KLM, which offers air cargo as well as passenger services, has a licence from AAI for using the cargo space in Mumbai. The airline has outsourced the cargo booking and handling services to an Indian company, CSI, on a commission basis.
Being a Dutch company, KLM is liable to pay tax in the Netherlands for the income it generated in India from its airline operations, including air cargo transportation.
However, the income tax authorities disputed a certain part of its revenue generated from India as income from other sources, a category of income taxable in India. The department argued that the rent payable to AAI by KLM was adjusted while making payment to CSI. The department held that this part of payment is income from other sources. The adjusted amount was treated by the department as income liable to be taxed in India under Article 6 of the DTAA between India and the Netherlands.

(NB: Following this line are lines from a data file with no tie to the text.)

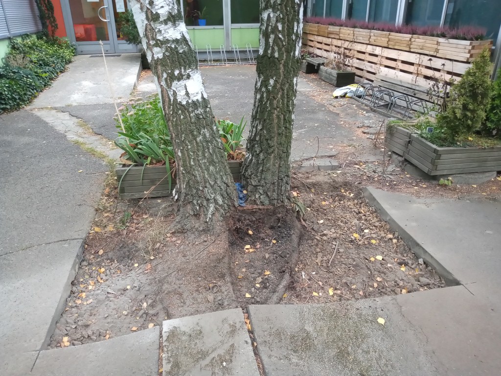 Sami przyznajcie: całość wygląda imponująco i… czeka już tylko na wypełnienie. A przy okazji – uwolniliśmy trochę nasze brzozy, których korzenie całe życie oglądały tylko beton!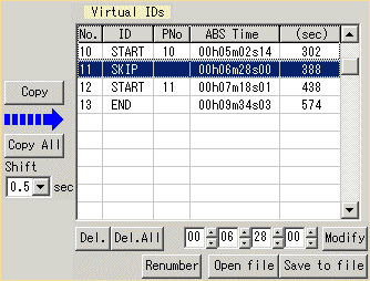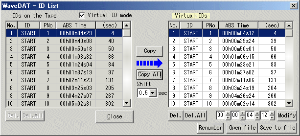 ※実IDのIDリストの場合と同じく、テープ走行中でもIDリストを表示したままにすることができ、再生時のID通過や録音時のID書き込みに追従して、選択行が移動するようになっています。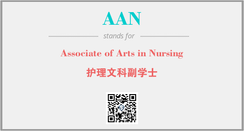 上述内容是“Associate of Arts in Nursing”作为“AAN”的缩写,解释为“护理文科副学士”时的信息,以及英文缩略词AAN所代表的英文单词,其对应的中文拼音、详细解释以及在英文中的流行度和相关分类、应用领域及应用示例等。
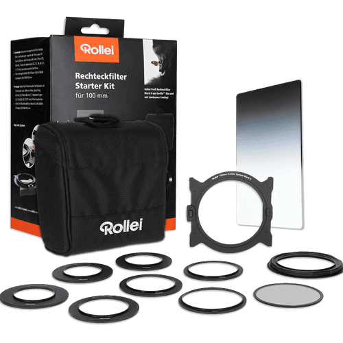 Das Rollei Starter Set Mark II mit verschiedenen Adapterringen.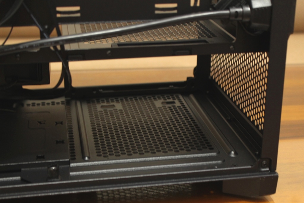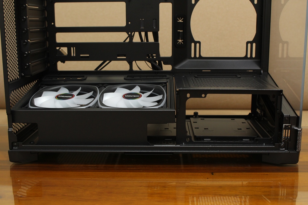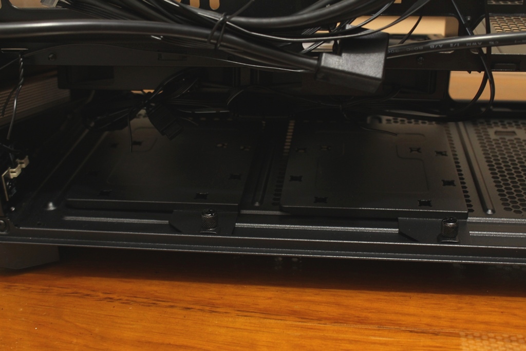 ▼底下有兩組硬碟支架,當電源供應器與風扇位置互換,硬碟支架位置也要跟著移動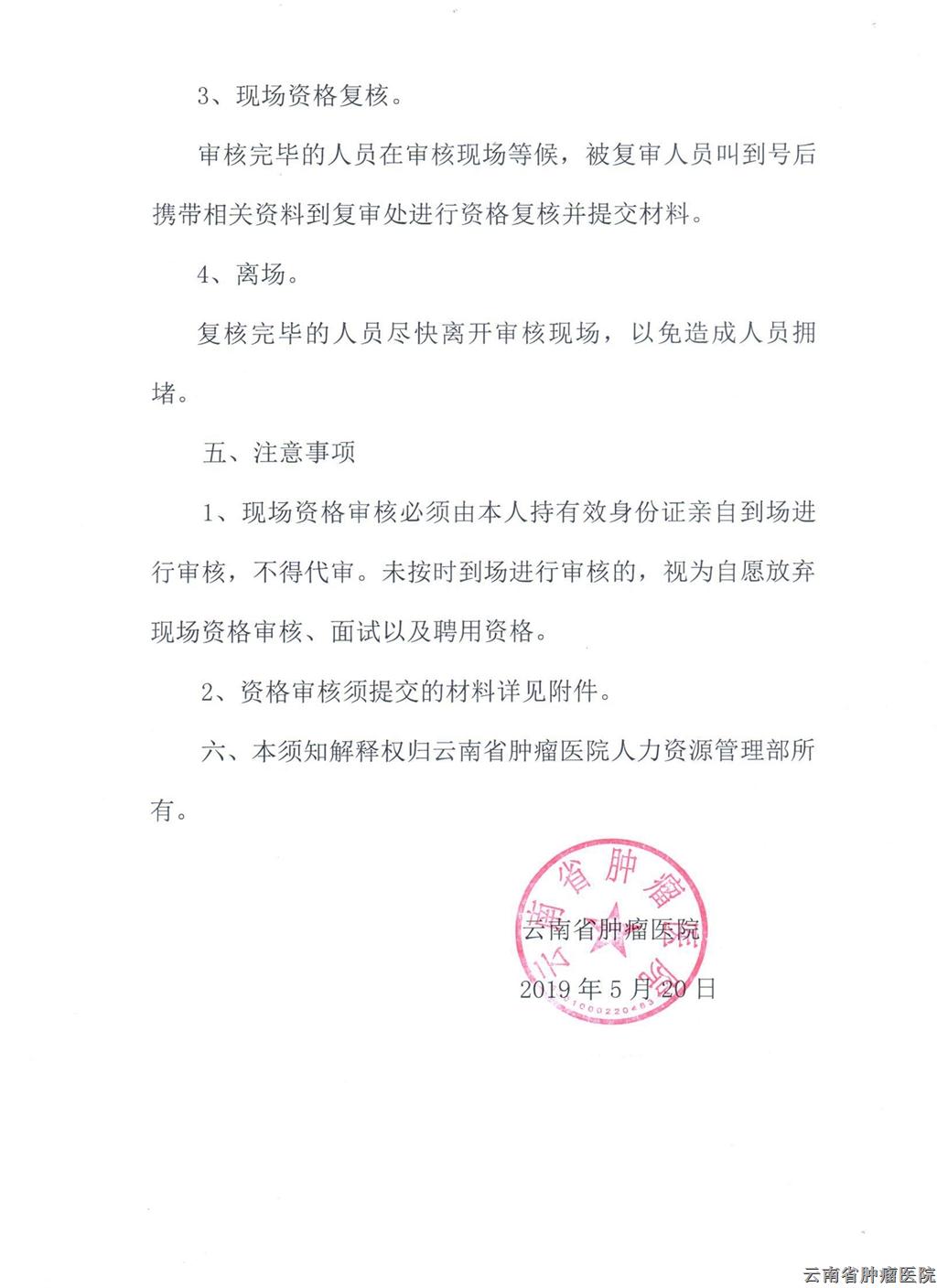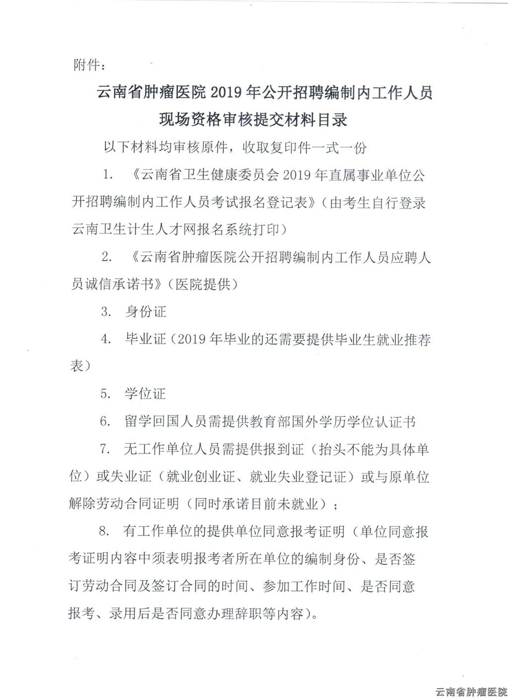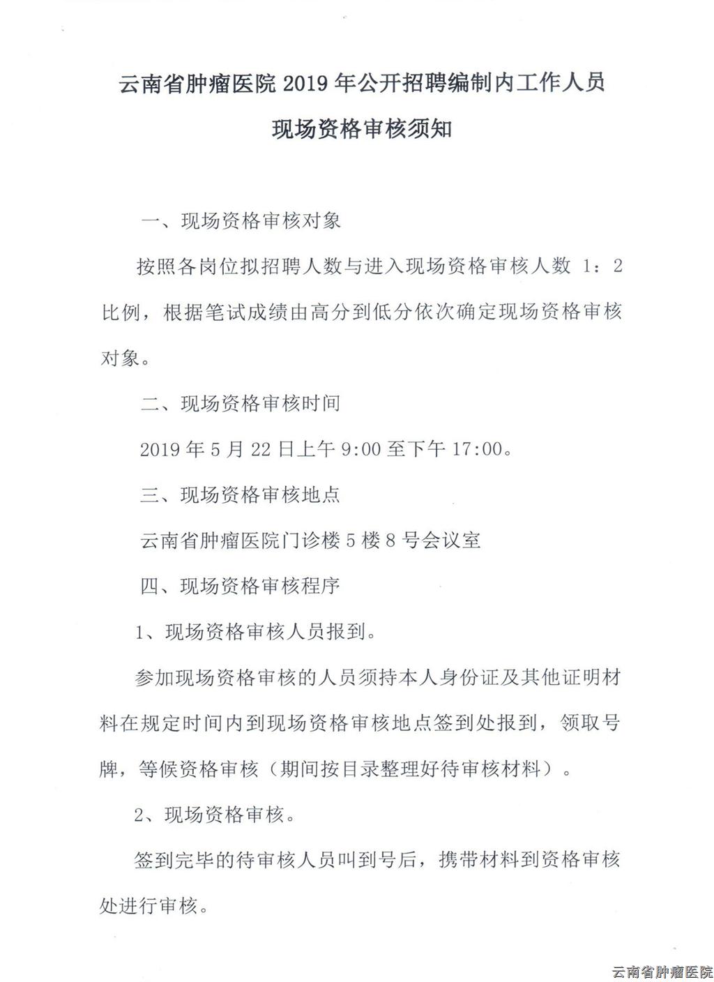 云南省腫瘤醫(yī)院2019年招聘現(xiàn)場(chǎng)資格審查須知

The departments contention was upheld by the commissioner (appeal), the first appellate authority on tax matters. However, the Income Tax Appellate Tribunal (ITAT) held that such rent adjustments were invariably linked to its cargo handling business for which licence was issued, and therefore, such rent adjustments could not be treated as income from other sources.
The ITAT also accepted the contention of KLM that even if the recovery of rent was to be treated as income from other sources, since an identical amount was paid to the AAI, the same would be offset against each other because there was a direct nexus between the receipt and the payment.
The Delhi High Court upheld the decision of the tribunal and dismissed the appeal filed by the income tax department against the tribunal order.